We have to wait and see how EU officials will react to events in Azerbaijan, given that President Aliyev "is about to decide what percentage of a €40 billion gas pipeline to award to European firms". To be fair, the EU itself does not have electoral mishaps of this kind - it prefers not to elect its political leaders.

Friday, June 28, 2013

Nabucco is no more

Pending Azerbaijan's official announcement on Friday, we can say that the Nabucco pipeline, intended to lessen certain EU member states' reliance on Russian gas, is no more.
EUObserver reports that Austrian firm OMV, part of the Nabucco consortium, said on Wednesday (26 June) that Azerbaijan, the gas supplier, has opted for the rival "Tap" pipeline instead.

"[Azerbaijan's] Shah Deniz II consortium informed OMV, as a shareholder of Nabucco Gas Pipeline International, about the decision on their preferred gas transportation route to Europe. The Nabucco West project was not selected by the consortium," it noted on its website.
While Tap is also intended to bring "10 billion cubic metres (bcm) of gas a year from the Caspian region to EU countries in the next five or so years to Europe" by-passing Russia, it is less useful.
Tap is to run from the Turkish border via Greece, Albania and the Adriatic Sea, to Italy. Nabucco West was to have run from Turkey via Bulgaria, Romania and Hungary, to Austria.

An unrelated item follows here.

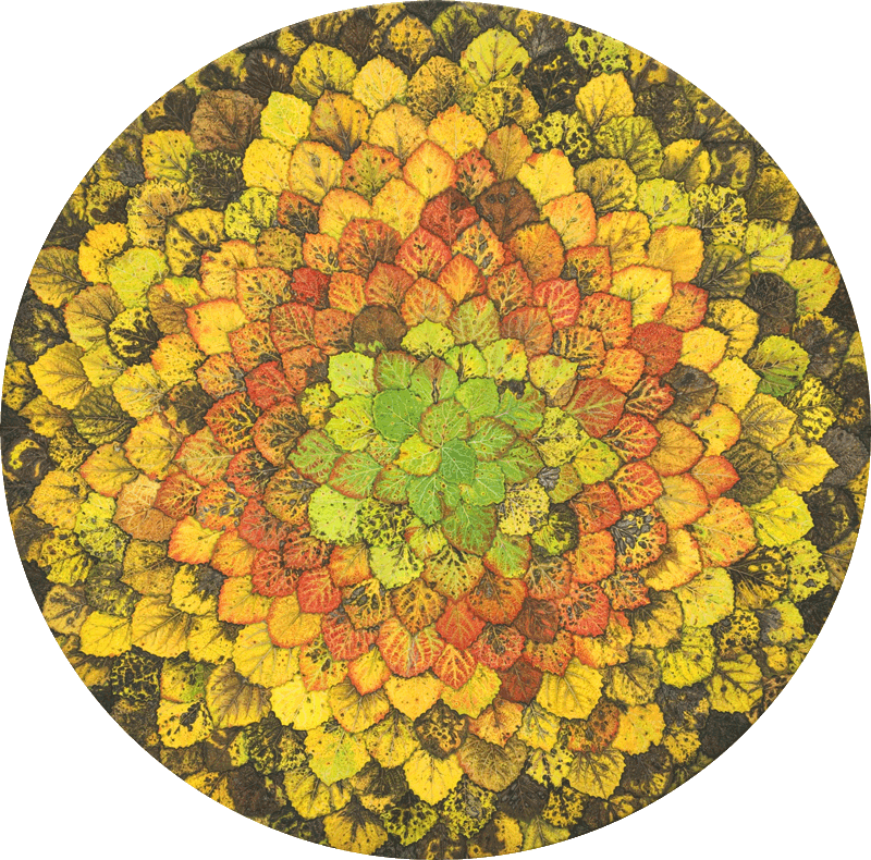 Z okroglim formatom sem želela ponazoriti večno ponavljanje, samoobnavljanje narave, staranje, minevanje življenja in ponovno rojevanje…, prehajanje letnih časov, večno kroženje brez začetka in konca, gibanje vesolja…

Greece depends on Russian gas for 58 percent of consumption, while Italy's dependence is just 22 percent.

Neither country was badly hit in the 2008/2009 Russia-Ukraine gas crisis.

But in Bulgaria, which depends on Russia 100 percent, street lights went out in Sofia and electricity supplies to hospitals were put at risk. Dependency is also high in Hungary (56%) and Austria (52%).
If these plans go ahead certain countries will remain vulnerable to Russian pressure and, not to put too fine a point on it, blackmail. On the other hand, of course, Russia badly needs to sell its gas as its income relies almost entirely on raw produce like gas and oil.

Then again, President Ilhan Aliyev of Azerbaijan is no slouch when it comes to using the country's gas reserves to extract various concessions from the EU (though he is less likely to start putting pressures on individual member states) and is said to be delaying signing the Tap agreement till the autumn, that is the next presidential elections.